问题
I am trying to work with some simple regex functions in Python. I am using regex to catch patterns in the Arabic alphabet, but it doesn't seem to be working in the simplest cases when one adds a few letters at the beginning of a pattern, regardless of whether there is a ligature or not:
>>> p = re.compile(r'ترينهايمان')
>>> p.match('به ترينهايمان')
>>>
>>> p = re.compile(r'ترینهایمان')
>>> p.match('بهترینهایمان')
>>>
The longer string is basically the pattern itself with two letters added at the beginning.
AFAIK, match should have returned a value, but it doesn't.

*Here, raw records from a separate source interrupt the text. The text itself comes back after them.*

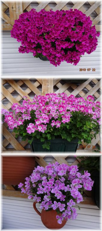ハツユキカズラはやはり色が変わらない、なぜ?カットしたら新芽はピンクの葉っぱが出てくると期待したのですが・・・・やっぱり茶色の葉っぱですね。育て方を調べてみます。これは「フリズルシズルオレンジ」(パンジー)初花は小さいですね、自家採種なのでこの程度のフリルで十分満足です。タネを1年間寝かせたら採種した年の発芽率を上回りました。二つのポットは「ソルベオレンジYTT」YTTの名前の通り毎日少しずつ色が変わっていきます。明日(Tomorrow)はどのように変身してくれるでしょう、この時期のアイビーゼラニウムの様子をまとめておくことにします。初夏にはとても華やかに咲いてくれたスリットバスケットのお花です。また咲き始めました。月曜日はゼラニウムのお世話をする日に決めています。水やり(液肥)はこの日だけなので今のところは1週間に一度です。これからはこの間隔を少しずつ広げていきます。水やりのほかにIB化成肥料を追肥、消毒もしました。此方のアイビーゼラニウムは以前から育てているグループ、昨年はほとんど放りぱなしの状態で育てているとはいえないのですが今年はよく面倒見ています。お花はちゃんと応えてくれますね。葉っぱの色が昨年よりはず~っときれいで生き生きしています。昨年は雨に当たったらすぐ病気になったのですが今年は元気です。いつもご訪問いただきありがとうございます。日本ブログ村ランキング参加中です。よろしかったらクリック↑して応援してね!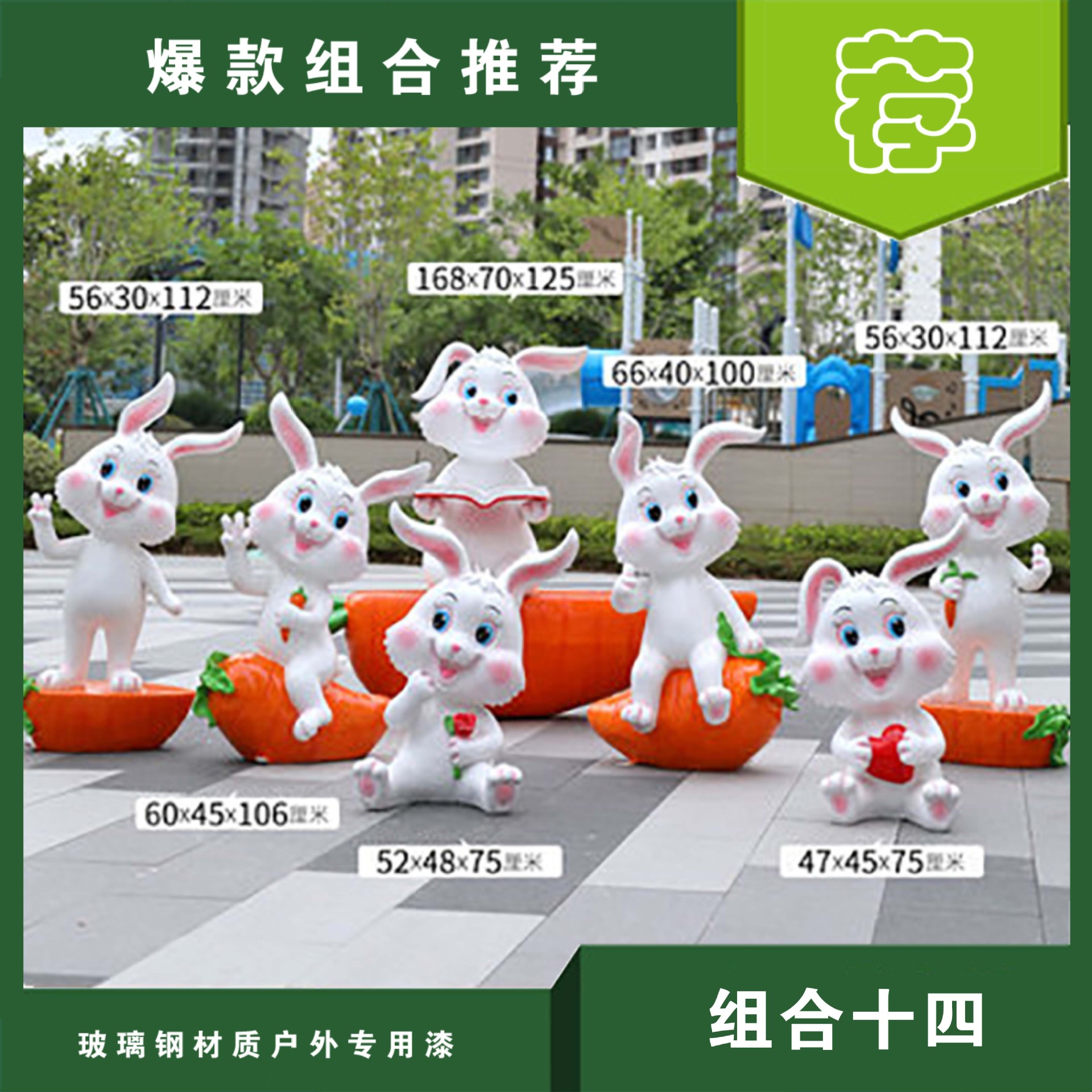 야외 만화 토끼 유리 섬유 강화 플라스틱 조각 그물 빨간 펀치 카드 사진 동물 유치원 쇼핑몰 아름다움 첸 장식 장식품스토어 가기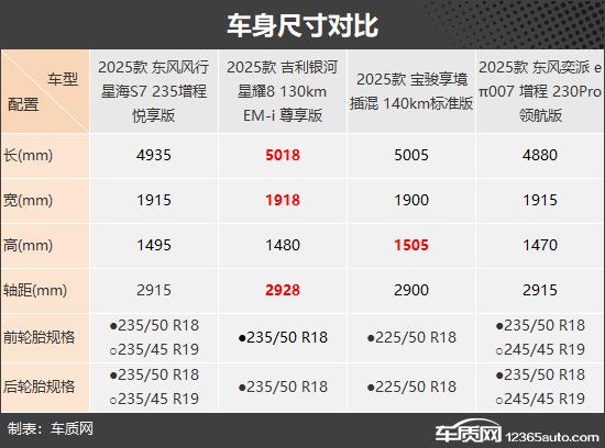 车身长度方面,银河星耀 8 性能最好,长度、总宽度、轴距都有优势。不过毕竟四款车都是中大型车,车身长度差距不大,都处于同级别的主流水平。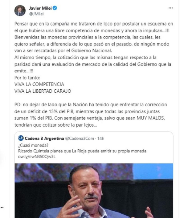 El presidente Javier Milei le respondió al gobernador de La Rioja, Ricardo Quinquela, sobre la propuesta de emitir una moneda propia en la provincia.

and it's curious because when you add a letter to the end of the pattern it catches it:
>>> p = re.compile(r'ترينهايمان')
>>> p.match('ترينهايماني')
<_sre.SRE_Match object at 0x02C52FA8>
>>> p.match('بهترينهايمان')
>>>
回答1:
re.match
will only match patterns that start at the beginning of the string:
re.match(pattern, string, flags=0)
If zero or more characters at the beginning of string match the regular expression pattern, return a corresponding MatchObject instance. Return None if the string does not match the pattern; note that this is different from a zero-length match.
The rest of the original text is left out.